The first steps when restarting all MATRIXX Engines in a sub-domain are to bypass traffic for the affected engines and assess the impact of the outage.

About this task

Most of these tasks can be performed in parallel to optimize recovery time.

Procedure

Initiate a traffic bypass of the affected sub-domain and confirm it is working.
Specify any traffic not bypassed, if applicable, by node or service type (data, voice, SMS, or others).
Establish the most complete dataset (checkpoint and transaction logs), usually from the most recently active engine.

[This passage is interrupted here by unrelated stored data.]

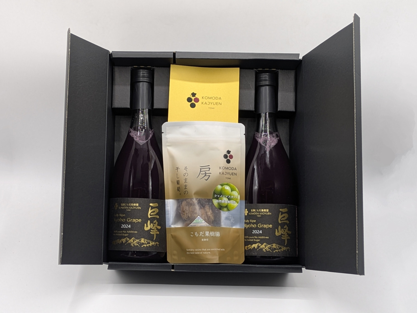 | 内容 | 巨峰ジュース720ml×2本、セミドライシャインマスカット(50g)×1個 | ||||||
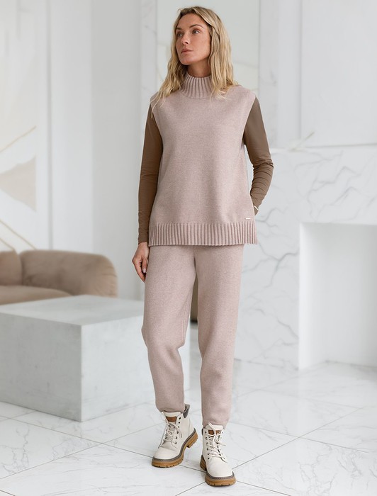 Состав: 52%ПАН (акрил) 33%ПЭ 8%ПУ 7%Кашемир Размер товара на первом фото: 42Брюки выполнены из мягкой пряжи с кашемиром. Изделие дополнено боковыми карманами и регулирующим шнуром на поясе. Мягкая пряжа очень приятная к телу, поддержит комфорт на протяжении всего дня, при этом не перегревая. Сочетается в костюме с D31.141, D31.147, D31.148, D31.149, D34.202, D34.203, D34.205, D34.206, D37.017, D37.018, D39.358, D39.359, D39.360
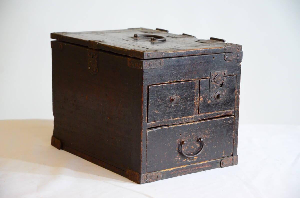 アンティーク 筆箱 小物入れ 引き出し 金具付き 銭箱 古民具 骨董 当時物 縦24cm 横24cm 奥行32cm

Use the get_latest_checkpoint.py command to determine the latest available checkpoint.
Provide the dataset to the primary engine so that they it is used on restart.
Verify engine-level Traffic Routing Agents (TRA-PROCs and TRA-PUBs) are running (using print_tra_cluster_status.py).
Start any TRA-PROC or TRA-PUB instances not already running.
Assess and share with MATRIXX Support the impact on service and the subscriber base by type and scale, and share any updates when new information comes available.
This step does not need to be completed before restarting the engines, but it should be started.
Investigate any symptoms present in the system when the engines went down. For example, search debug logs with a command similar to the following:
```
grep LM_CRITI mtx_debug.log
```
Also check /var/log/messages for OS-related issues.
Collect and share key logs and other data (for example mtx_debug.log, messages files, print_blade_stats.py outputs, atop, transaction logs, and tcpdumps) with MATRIXX Support to support prompt root cause analysis.